A year after Lee Jae-myung took office in the aftermath of South Korea's gravest political crisis in a generation, the economy he inherited in a state of shock has staged a clear recovery. Growth rebounded to 3.6% in the first quarter, the benchmark KOSPI index broke through 7,000 for the first time, and consumer inflation has settled at 2.6% — below the OECD average and beneath the rates in the United States, Britain, Germany and Australia.

The starting point makes the turnaround more striking. Lee's government took power amid the wreckage of the December 2024 martial-law declaration and the impeachment turmoil that followed, an episode that froze consumption and investment and shredded political trust. The damage showed up in the data: growth in the first half of 2025 came in at just 0.3% year on year, the mark of an economy that had effectively seized up.

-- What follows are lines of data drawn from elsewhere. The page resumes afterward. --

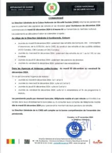 GUINEE- La CNSS annonce le paiement des pensions de retraite et de réversion de décembre 2024 à partir du mardi 03 décembre (Communiqué)
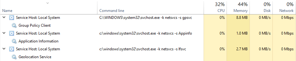 - REG ADD HKLM\SYSTEM\CurrentControlSet\Services\WAS /v SvcHostSplitDisable /t REG_DWORD /d 1 /f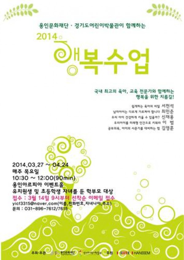 용인문화재단(대표이사 김혁수)은 오는 3월 27일부터 5주간 유치원‧초등학생 자녀를 둔 부모를 대상으로 육아 및 자녀교육에 대한 전문가 초청 릴레이 강연을 개최한다. 용인문화재단과 경기문화재단, 경기도어린이박물관이 공동 주최하는 부모교육 <2014 행복수업>은 작년에 이어 두 번째로 선보이는 프로그램으로 자녀교육과 관련된 국내 유…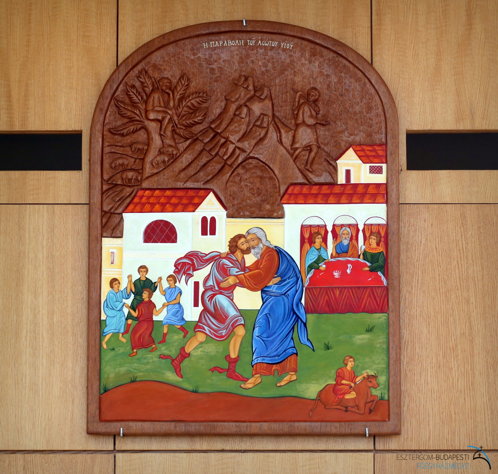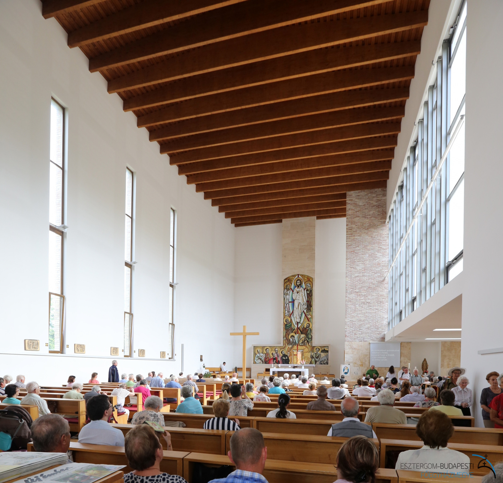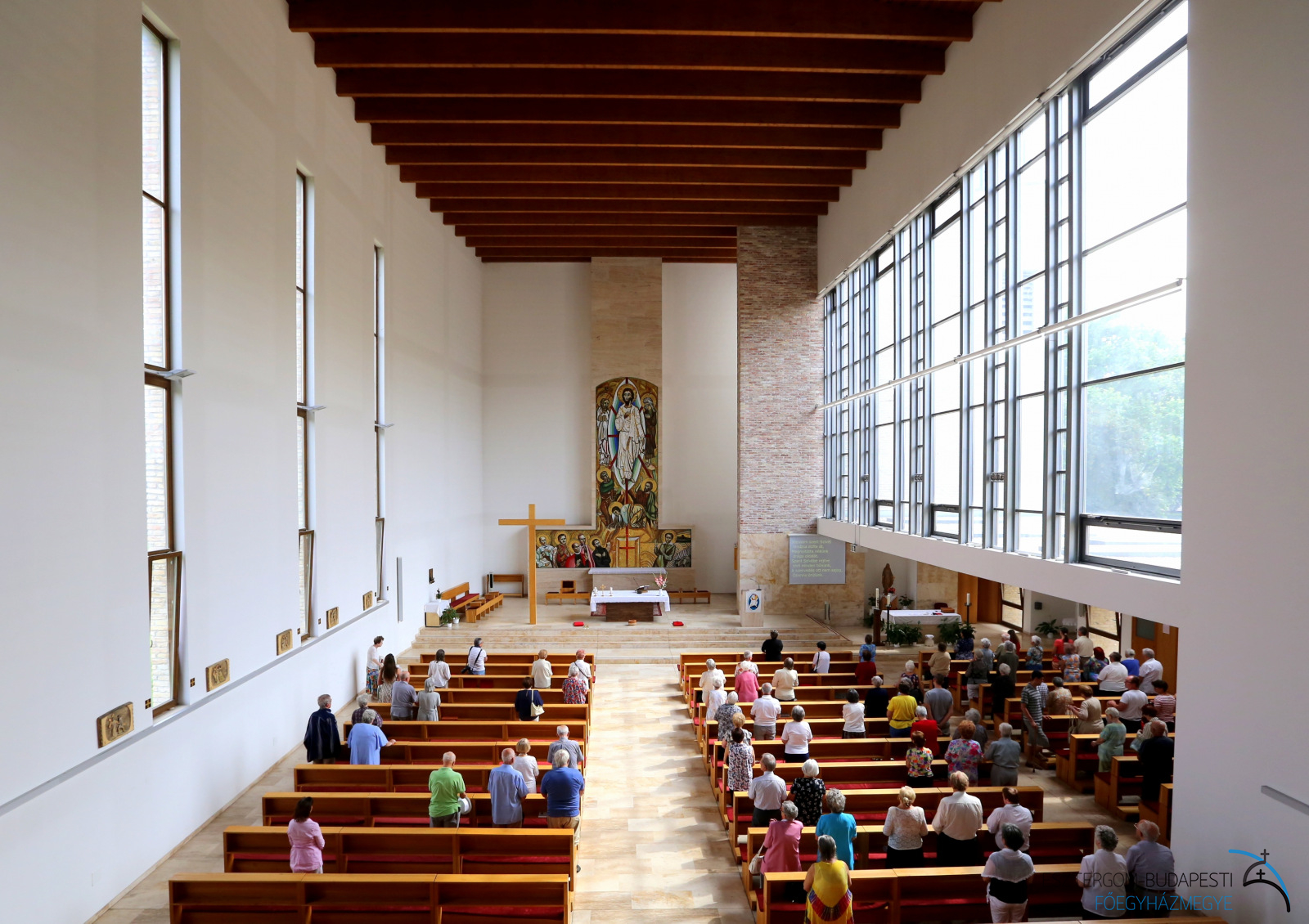 Az oltárba Szent Bonifác és Szent Kelemen egy-egy ereklyéje került, a szentélyben található ereklyetartóban pedig Sára testvér vezeklőövét helyezték el. A mozaik oltárkép, Urunk színeváltozását jeleníti meg Mózessel, Illéssel, valamint Péter, Jakab és János apostolokkal. Az alkotás Boldog Batthyány-Strattmann László, Boldog IV. Károly király, Boldog Romzsa Tódor, Boldog Meszlényi Zoltán, illetve Boldog Salkaházi Sára testvér portréját is ábrázolja. A mozaikot Puskás László görög katolikus pap, festőművész készítette, és 2010 május 9-én Erdő Péter bíboros áldotta meg.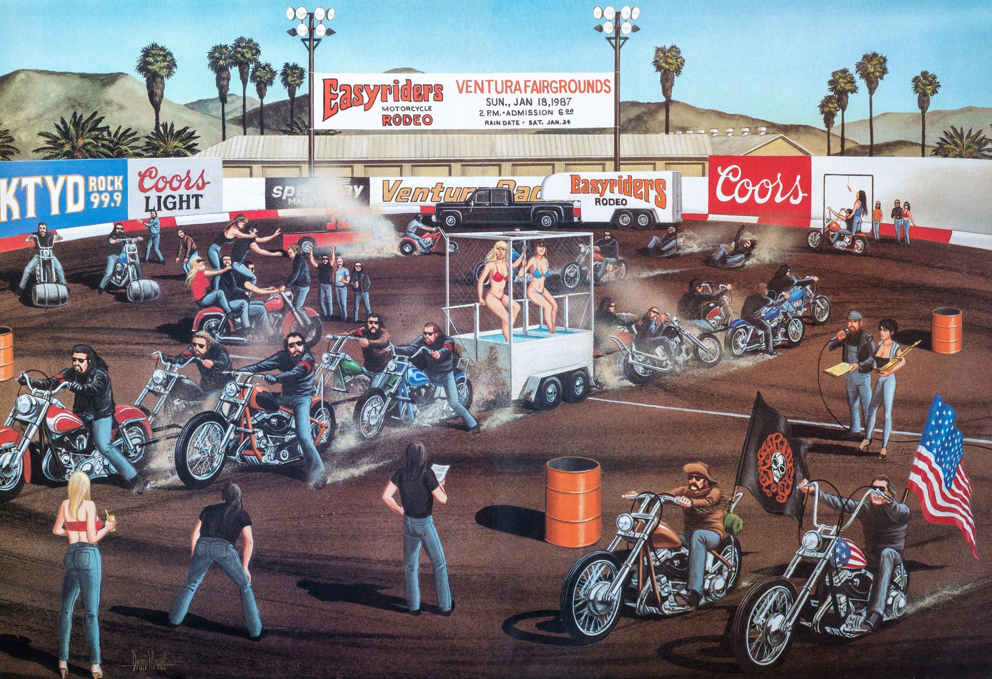 Those of us who were fans and collectors of David Mann‘s art were pissed that some of his monthly centerfold paintings were nothing more than advertisements for Easyriders events like the rodeo….

That the recovery has come without an inflationary surge is the achievement the government is keenest to advertise. Holding price growth at 2.6% while output accelerated has spared households the squeeze that has dogged much of the developed world, and has given the Bank of Korea room to support the rebound rather than choke it off. For an export-driven economy exposed to every twist in global demand, the combination of firm growth and contained prices is an unusually favourable one.

The stock market's climb past 7,000 has become the most visible emblem of the shift in sentiment. The index's ascent reflects both the broader global rally in technology and semiconductor shares — the heart of Korea's export machine — and a domestic re-rating as investors concluded that the political emergency had passed without lasting institutional damage. The rebound in confidence has fed back into the consumption and investment figures that had collapsed during the crisis.

Challenges remain stubborn beneath the headline numbers, from an ageing workforce and strained household debt to the perennial uncertainty of relations with North Korea and the trade pressures emanating from Washington. But the first-year scorecard hands Lee a politically valuable story: a government that took office amid genuine fear of a prolonged slump and can now point to growth, record equities and the lowest inflation among major economies as evidence that the worst has passed.